Ну почему я никак не научусь держать рот на замке?!
– Э-э-э, – говорю я, пытаясь придумать что-нибудь, а это не так просто, когда так устала. И возбуждена. – Нет. Но я могу болеть. Никогда не знаешь.
– А, – хихикает Эндрю. – Ты? Никогда. Ты слишком милая для этого. – И он снова принимается за мою шею.
И это очень даже приятно. Но он так и не ответил на мой вопрос.
– Ну, так у тебя есть?
– О господи, Лиз. – Эндрю садится, шарит в карманах брюк, висящих на краешке койки, и наконец выуживает оттуда то, что надо. – Теперь довольна?
– Да, – говорю я. Потому что так оно и есть. Несмотря на то, что мой парень ходит на работу с презервативом в кармане. Другая могла бы спросить, что он, собственно, собирался с ним делать, если его девушка сейчас дома, а не там, где он работает.
Но дело не в этом. А в том, что у него есть презерватив, и мы можем приступать к делу.
Что мы и сделали без дальнейших проволочек. Вот только…
По-моему, все идет, как и должно идти. Правда, мой опыт в таких делах ограничен бестолковой возней в длинной кровати с Джеффом, единственным парнем, с которым у меня были длительные отношения (три месяца) на втором курсе и который в конце семестра со слезами признался мне, что влюблен в своего соседа Джима.
И все же я достаточно много читала «Космо» и знаю, что каждая девушка должна сама позаботиться о своем оргазме – так же, как каждый гость должен сам позаботиться о том, чтобы ему было весело… Ни одна хозяйка не уследит ЗА ВСЕМ СРАЗУ! Я хочу сказать, нельзя сваливать все на парня. Он все равно все испортит – или того хуже – даже и пытаться не станет. Если, конечно, он не вроде Джеффа, которого очень даже интересовали мои оргазмы… как и мои туфли-лодочки от Герберта Левайна с хрустальными пряжками. Я застукала его в этих самых туфлях перед зеркалом.
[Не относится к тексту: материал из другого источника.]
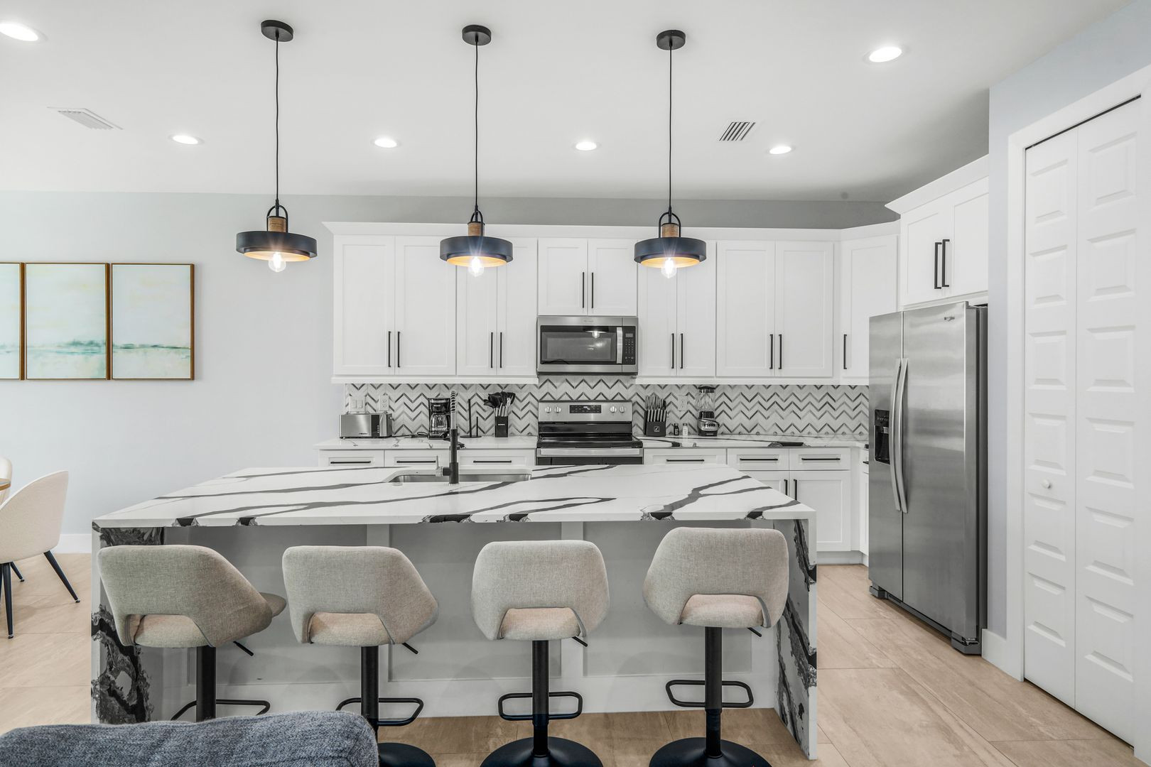 This brand-new, exquisitely designed vacation home is a sanctuary for creating lasting memories. Step inside 1,644 square feet of modern elegance, where high-end furnishings and thoughtful design create an inviting and spacious atmosphere.

Но пока я сосредоточилась на получении своего удовольствия, у Эндрю, похоже, возникли проблемы с его собственным. Он прекратил делать то, что делал, и откинулся на спину.
– Эндрю, – озабоченно спрашиваю я, – все в порядке?
– Я не могу, черт возьми, кончить, – звучит его романтичный ответ. – Это все из-за дурацкой кровати – слишком тесно.
Я, мягко говоря, удивлена. Первый раз слышу о мужчине, у которого с этим проблемы. Знаю, для кого-то – например, для Шери – мужчина в постоянном напряжении будет подарком судьбы. Для меня же это просто неудобно. О своем удовольствии я уже позаботилась, как советовал «Космо». И если честно, не знаю, сколько смогу еще сдерживаться.
И все же как-то неправильно думать только о себе, когда человеку рядом так плохо. Даже представить не могу, каково сейчас Эндрю.
Преисполненная жалости к нему, я наклоняюсь и спрашиваю:
– Я могу тебе как-то помочь?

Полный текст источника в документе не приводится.